McKinstry's vibrant personality comes across at first meeting. She sees unity in her dual careers and says she "could not be a pastor without my art" and vice versa. And thus she has melded a degree from The Fashion Institute of Technology with a master's of divinity from Andover Newton Theological School.
She considers her fabric art spiritually inspired and, in reverse, finds that her time alone in her studio fuels time spent in her upstairs study at the Richmond Congregational Church. Part of what joins the two is the number of Richmond congregants who are also involved in the fiber arts: quilting, knitting, crocheting.
Turns no one away
Another link is her sense of community. The small Richmond church, which surely must struggle to pay the oil bills and periodically paint the building, has a long reach into the small town that surrounds its State Road property.
With their now legendary tag sale in mid-July, the parishioners raise thousands of dollars — much of which goes not to operating expenses but to town scholarship funds, fuel assistance and support of food pantries.
McKinstry, who lives in Great Barrington with her husband (the musician Douglas Schmolze), agrees that the role of the church in Richmond extends beyond its own space. Townspeople may or may not come to church on Sundays, but she considers them part of the congregation.
"A church," she says, "is not just the members anymore. If anyone wanted something, I'd minister to it."
She believes families want to "feel connected to something that is stable," and her goal is to be a source of that security.
"If there's a spiritual need, I turn no one away," she says.
That view is shared by many of her congregants who met her when she was a fill-in minister at their church. Before long, she and the people searching for a new pastor realized that they had found someone who truly "fit."
"She's awesome," said one longtime member.

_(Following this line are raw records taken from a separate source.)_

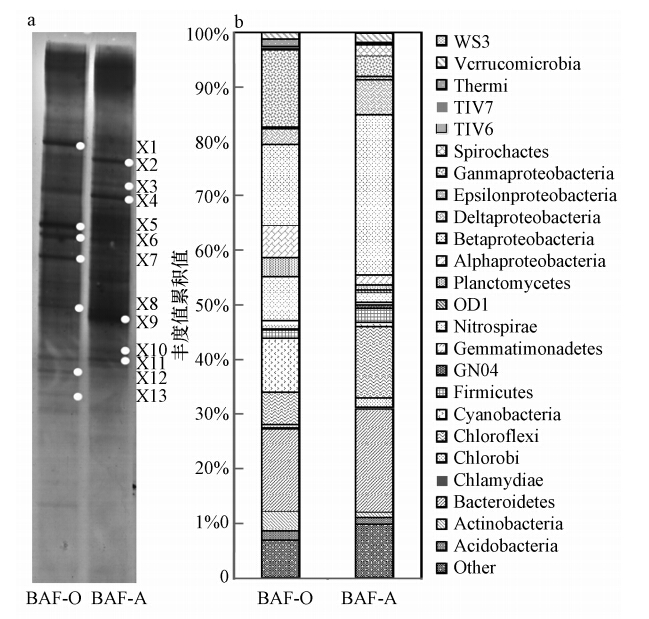 圖 5 BAF不同區(qū)段中細(xì)菌群落結(jié)構(gòu)(a)與組成(b)分析(BAF-O,BAF好氧段;BAF-A,BAF缺氧段; X1~X13,切取測序的條帶)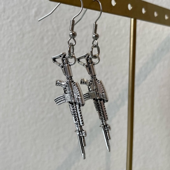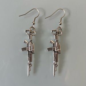 AUTOMATIC RIFLE GUN EARRINGS ๐Ÿ’Ž hardware is sterling silver ๐Ÿ’Ž ๐Ÿ–ค handmade with love ๐Ÿ–ค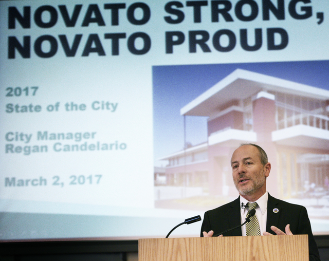 On March 2, City Manager Regan Candelario gave his first State of the City speech for Novato. Highlights of the presentation included City accomplishments from the past year, goals for this year and beyond, and calls to action including #volunteernovato and commitments to the community to bring City Hall discussions and topics to Novato neighborhoods and ever-improving customer service. Both the speech and video of the State of the City, can be found on the

"She's so full of energy," said another, pointing out that on Sunday mornings she not only conducts the service but often sings with the choir or adds her flute playing to the singing and the organ.
As for her other career, which includes various media, she feels that the art world draws people together.
"Art gives life and color to the community," she says, "and people take pride in their artists."
In the several years that she's been connected to the Richmond church — first as a fill-in pastor and then as its ordained minister — she has learned that the town has many connections to the arts, from its history with the famous Stirling and Alexander Calder family to the number of current residents involved in theater, painting, music, writing and sculpture.
Her own art is focused right now on fiber handbags, large and small. They are wildly colorful and range from clutches to bags that could serve as carry-ons. She is ever on the hunt for vintage fabrics, upholsterers' leftovers, outdated fabric samples from retailers like Paul Rich and Sons. And she adapts all kinds of things, from jewelry to buttons, for her clasps.
Her bags and wall hangings, which she sews herself, are scattered around the Berkshires in small shops like the Berkshire Museum, Karen Allen Fiber Arts in Great Barrington, the Red Lion Inn gift shop, and the Williams College Museum of Art.
Her artistic side has gone in a number of directions over time.
In the past she created unique marionettes and performed with them. She wrote a children's book, illustrated by her and her father, John, also an ordained minister. But she often finds herself thinking about a new direction.
Last week, she did a finger painting on a wood block, inspired by the Berkshire landscape, and commented, with excitement, that it was a rush to have nothing between her and the canvas.
Musing about whether Van Gogh might have finger-painted "Starry Night," she said, "When you're holding a tool, you have to be thinking about how you are holding the tool. What attracts me is the carefree energy of the finger painting."
The Rev. Janet McKinstry's enthusiasm for her life, from greeting each day with the birds to spending most evenings quietly at home, spirals off in many directions as she carefully plans her time each week. She may well be care-free, too, but she's also focused — on both of her careers.